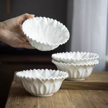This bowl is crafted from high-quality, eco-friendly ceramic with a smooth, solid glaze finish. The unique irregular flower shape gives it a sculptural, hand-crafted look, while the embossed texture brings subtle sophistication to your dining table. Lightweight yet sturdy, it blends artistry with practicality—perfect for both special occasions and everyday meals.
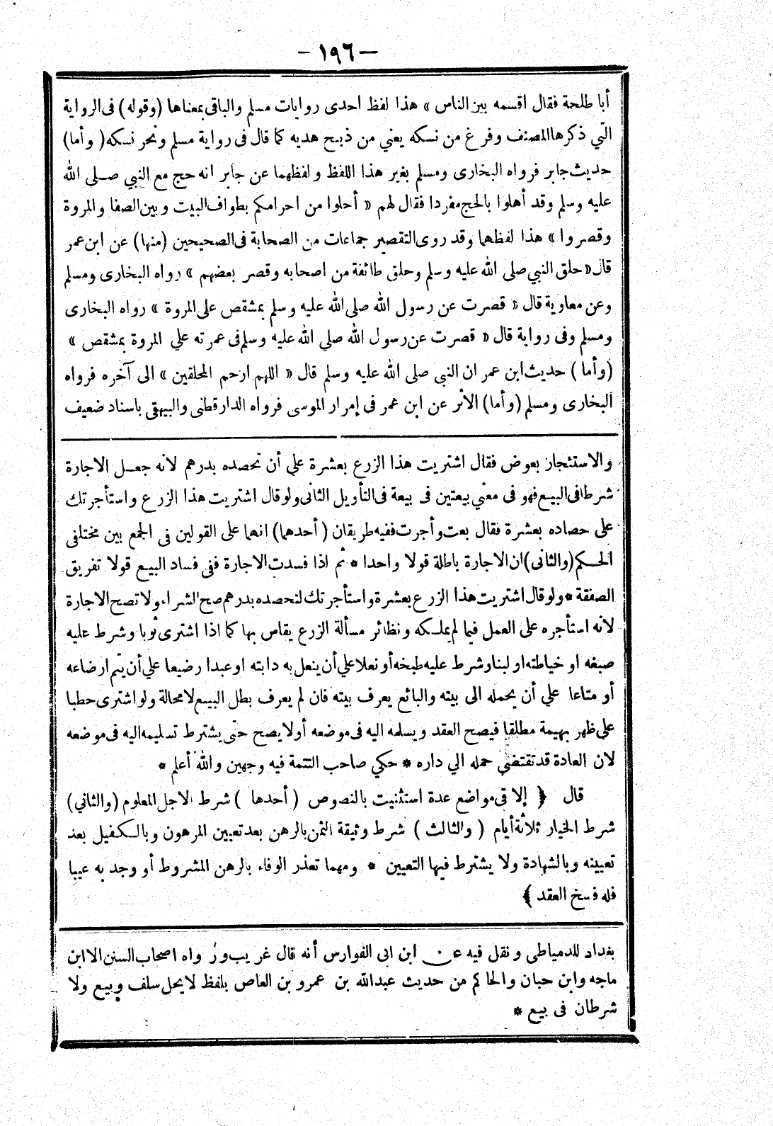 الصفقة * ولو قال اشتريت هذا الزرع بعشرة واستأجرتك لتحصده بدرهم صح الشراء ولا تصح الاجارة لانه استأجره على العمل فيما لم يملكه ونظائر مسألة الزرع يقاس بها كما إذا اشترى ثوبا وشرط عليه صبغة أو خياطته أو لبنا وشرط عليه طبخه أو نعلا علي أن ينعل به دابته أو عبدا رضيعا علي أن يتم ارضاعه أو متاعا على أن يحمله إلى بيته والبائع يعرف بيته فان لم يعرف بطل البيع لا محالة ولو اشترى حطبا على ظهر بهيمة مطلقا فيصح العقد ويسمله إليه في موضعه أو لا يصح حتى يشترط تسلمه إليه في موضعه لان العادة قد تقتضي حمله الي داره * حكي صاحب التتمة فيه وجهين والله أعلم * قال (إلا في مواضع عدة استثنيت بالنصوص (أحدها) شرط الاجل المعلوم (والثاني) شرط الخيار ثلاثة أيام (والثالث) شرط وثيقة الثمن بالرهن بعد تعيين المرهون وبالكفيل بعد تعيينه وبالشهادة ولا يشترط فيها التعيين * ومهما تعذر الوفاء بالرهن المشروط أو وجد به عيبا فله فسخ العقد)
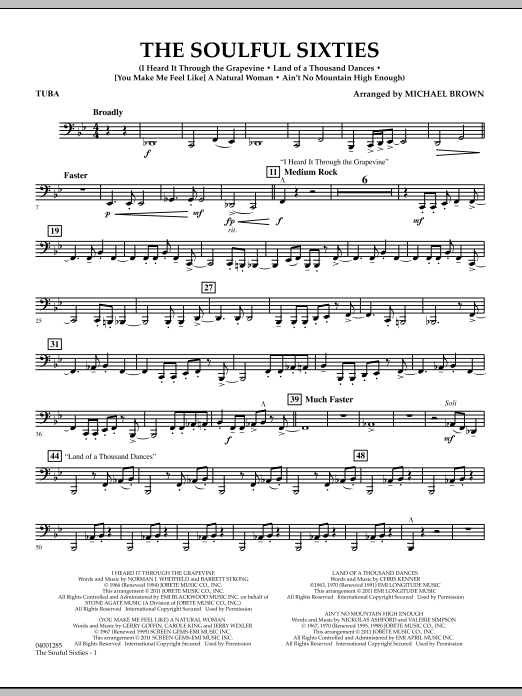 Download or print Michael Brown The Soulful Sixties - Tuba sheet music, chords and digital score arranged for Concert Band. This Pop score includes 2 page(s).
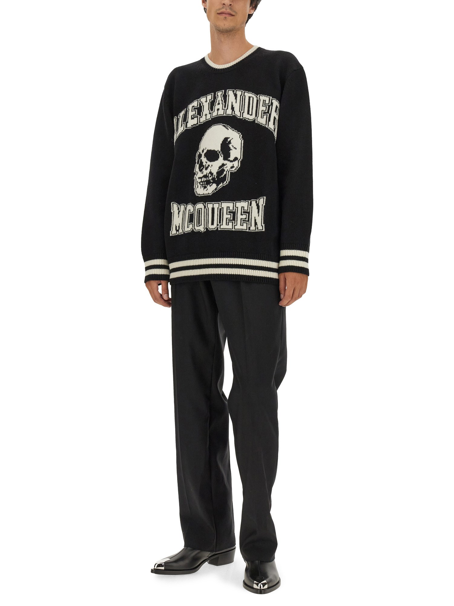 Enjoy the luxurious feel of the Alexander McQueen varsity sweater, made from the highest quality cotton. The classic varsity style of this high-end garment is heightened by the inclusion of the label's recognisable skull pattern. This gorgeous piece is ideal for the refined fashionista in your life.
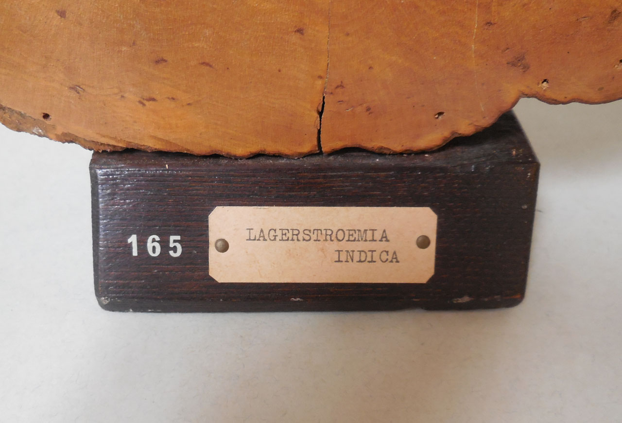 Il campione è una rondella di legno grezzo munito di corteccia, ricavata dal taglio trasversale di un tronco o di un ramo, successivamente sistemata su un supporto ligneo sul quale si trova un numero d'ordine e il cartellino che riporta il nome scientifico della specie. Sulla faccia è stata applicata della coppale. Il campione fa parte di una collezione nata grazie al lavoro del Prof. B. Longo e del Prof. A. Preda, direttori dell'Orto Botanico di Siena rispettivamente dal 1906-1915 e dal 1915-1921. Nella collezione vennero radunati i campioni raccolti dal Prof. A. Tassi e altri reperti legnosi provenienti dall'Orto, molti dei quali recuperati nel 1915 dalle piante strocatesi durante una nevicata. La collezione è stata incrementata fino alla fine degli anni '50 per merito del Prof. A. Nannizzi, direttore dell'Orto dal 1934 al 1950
===============
Task to complete:
The line holding "Download or print" starts the copy and the line holding "Enjoy the luxurious" ends it. Repeat those two lines above and all between them exactly, leaving out pictures.

Answer:
 Download or print Michael Brown The Soulful Sixties - Tuba sheet music, chords and digital score arranged for Concert Band. This Pop score includes 2 page(s).
 Enjoy the luxurious feel of the Alexander McQueen varsity sweater, made from the highest quality cotton. The classic varsity style of this high-end garment is heightened by the inclusion of the label's recognisable skull pattern. This gorgeous piece is ideal for the refined fashionista in your life.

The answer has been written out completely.